My tinfoil is that Apple banned this specifically because you can use it to get a desktop on iPadOS, which offends their "fingers can't touch mouse apps" sensibilites.
Far more likely that Apple doesn't like emulators because they allow for the distribution of software that bypasses the 30% revenue cut, as well as enabling content that they don't want (adult content, extreme political content, etc.)
It likewise seems clear that Apple relented in this case because a not-particularly-easy-to-use, interpreter-only PC emulator doesn't enable anything that isn't already possible with a Web app.

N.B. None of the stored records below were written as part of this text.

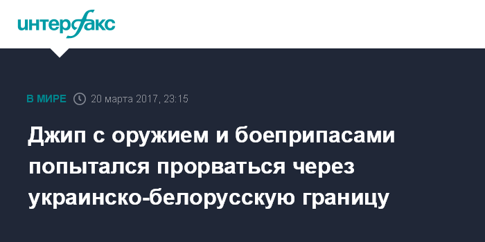 Москва. 20 марта. INTERFAX.RU - Следственный комитет Белоруссии возбудил уголовное дело в связи с попыткой прорыва через государственную границу со стороны Украины автомобиля с оружием и боеприпасами, сообщили в СК.
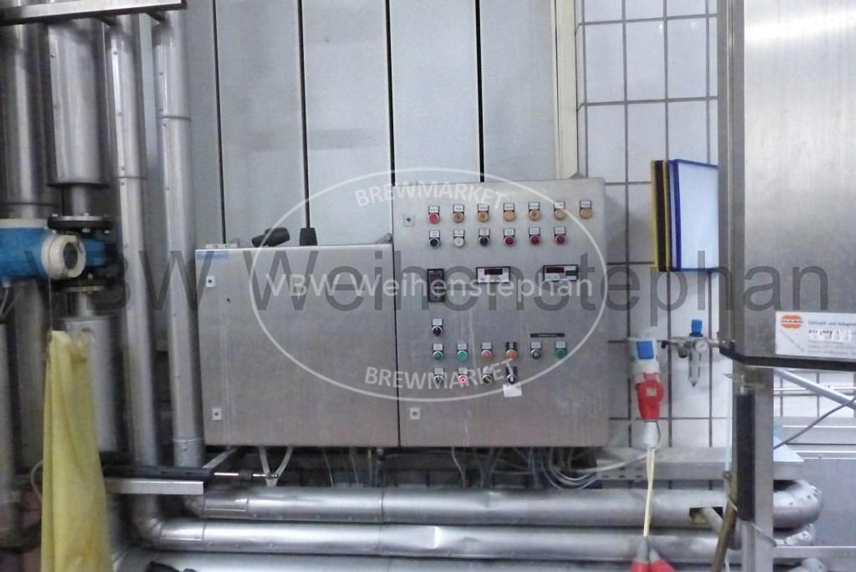 This plate heat exchanger from APV offers efficient and reliable heat transfer with a capacity of up to 240 hl/h in two stages. With a generous heat exchange area of 134 m² and a robust design for operating pressures up to 23 bar, this unit is well suited for demanding applications in breweries and the beverage industry. Thanks to its solid construction and compact design, it can be easily integrated into existing systems while ensuring high thermal performance and energy efficiency. An excellent and cost-effective solution for wort cooling, product heating, or other process applications. Our team at VBW Asset Trade will be happy to answer your questions., Capacity: 240 hl/h 2 stages, Heat exchange area: 134 m² plate tracery min. 880 mm, max. 910 mm, actual 885 mm, Operating pressure: 23 bar, Length: 2000 mm, Width: 700 mm, Height: 2000 mm
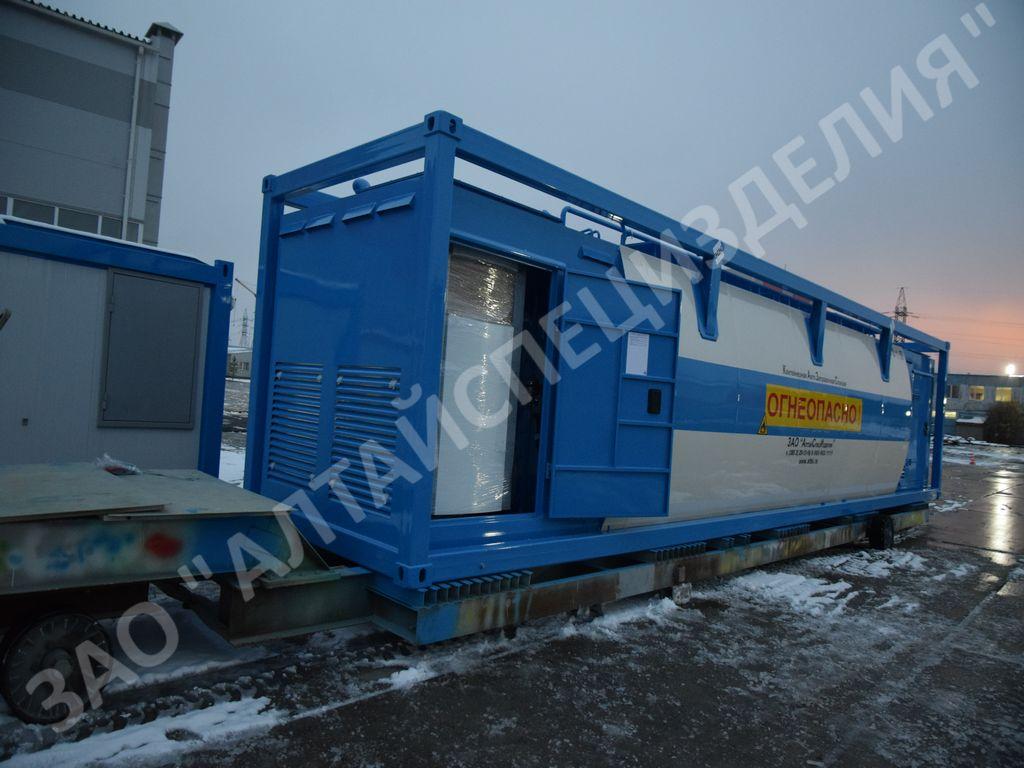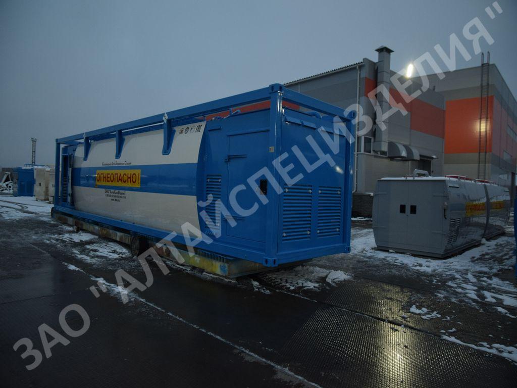 ЗАО «АлтайСпецИзделия» производит на заказ контейнерные автозаправочные станции КАЗС-5.1Д на 3 вида топлива объемом 5 кубических метров и более КАЗС такой вместимости прекрасно подходит для снабжения топливом производственного автопарка, погрузочной техники на складах или личного автотранспорта.
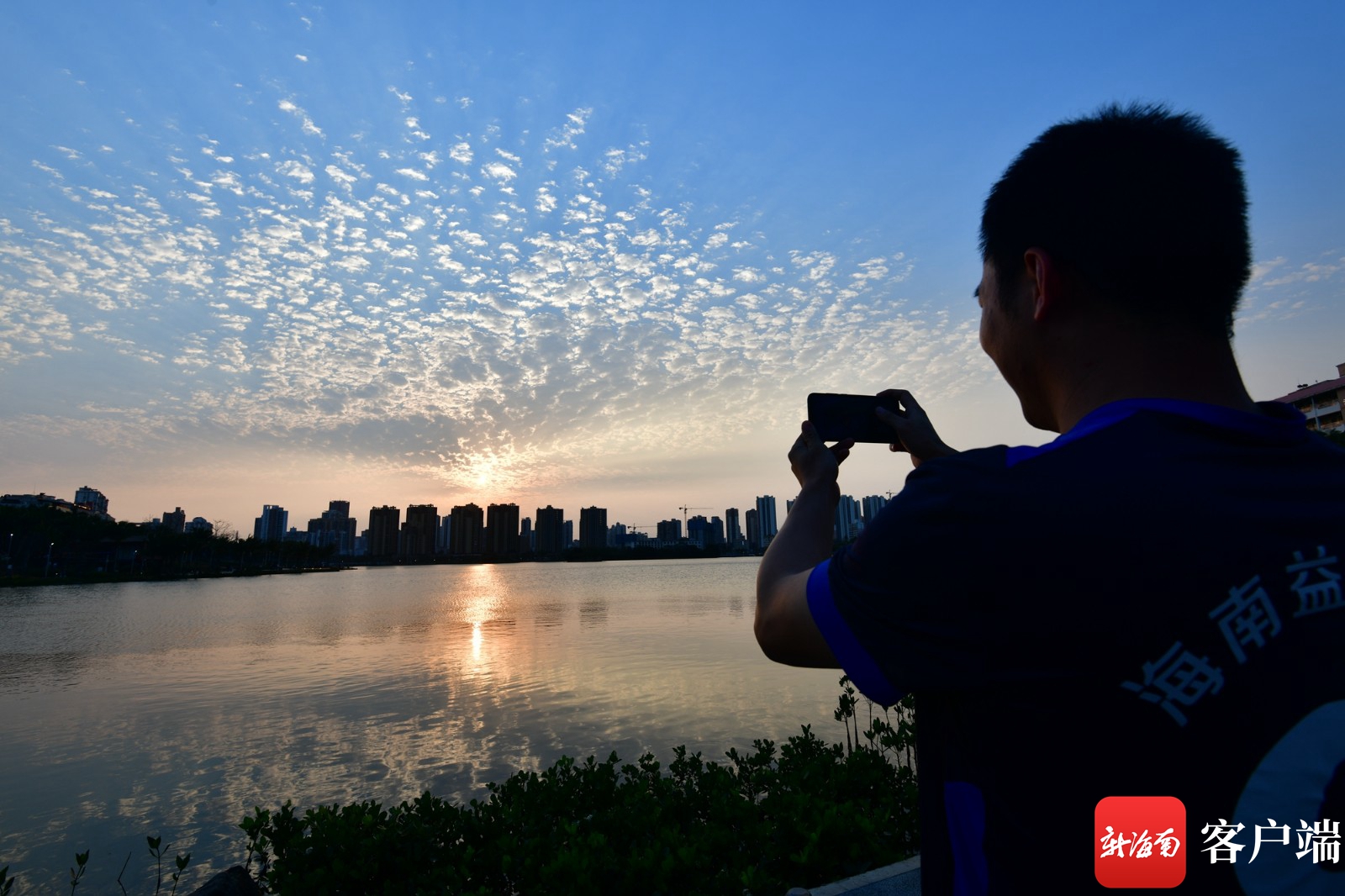 市民游客在海口紅城湖拍攝美麗天空。記者 陳衛(wèi)東 攝
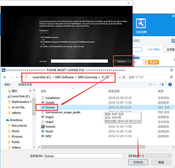 9、選擇在c盤生成的license.dat文件
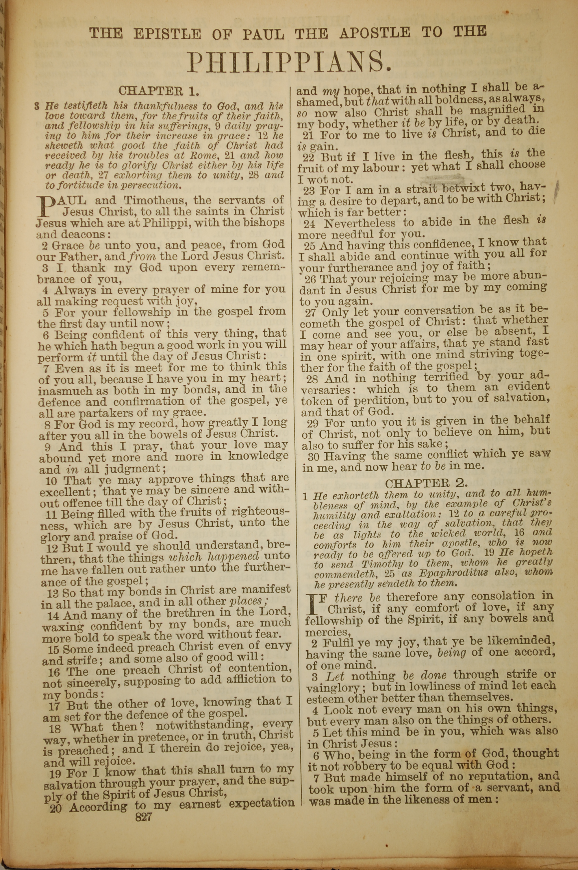 1886年英文聖經 腓立比書 1 章 1 節到 2 章 7 節
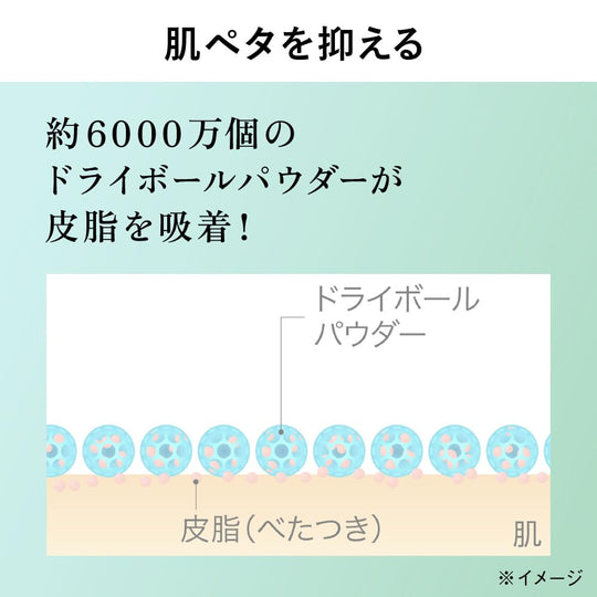 This innovative product is designed to prevent shine and stickiness on the face, décolleté, nape of the neck, and the entire body. It is formulated to be resistant to the formation of comedones, which are the source of acne. The product contains beauty essence ingredients, such as sodium hyaluronate, for moisture retention. It features sebum-absorbing powder that prevents shine and includes 60 million dry balls of powder in a single application to suppress stickiness and prevent flaky hair and skin.

And I actually do have evidence for my conspiracy theory: iDOS 2. Apple was perfectly fine with it up until someone in tech media posted a guide on how to run ancient versions of Windows on it, then they pulled the app.
Furthermore, "fingers shall not touch mouse apps" was a Jobs decree. It's specifically the reason why Apple got into touch UI. Jobs designed the iPad out of spite due to a friend of his who was on the Windows tablet team around the turn of the millennium. Jobs was so angry that they were just putting Windows on a tablet - and handing people styluses to work around the small touch targets on XP - that he made Apple design a tablet computer demo around finger-only UI. That was then grafted onto the Purple project (which at that point was a clickwheel iPod with a phone modem in it) and we got the iPhone.
So my suspicion is that Apple has an internal "things which make Jobs spin in his grave" list that they would never allow, come hell, high water, or the European Union's antitrust regulators.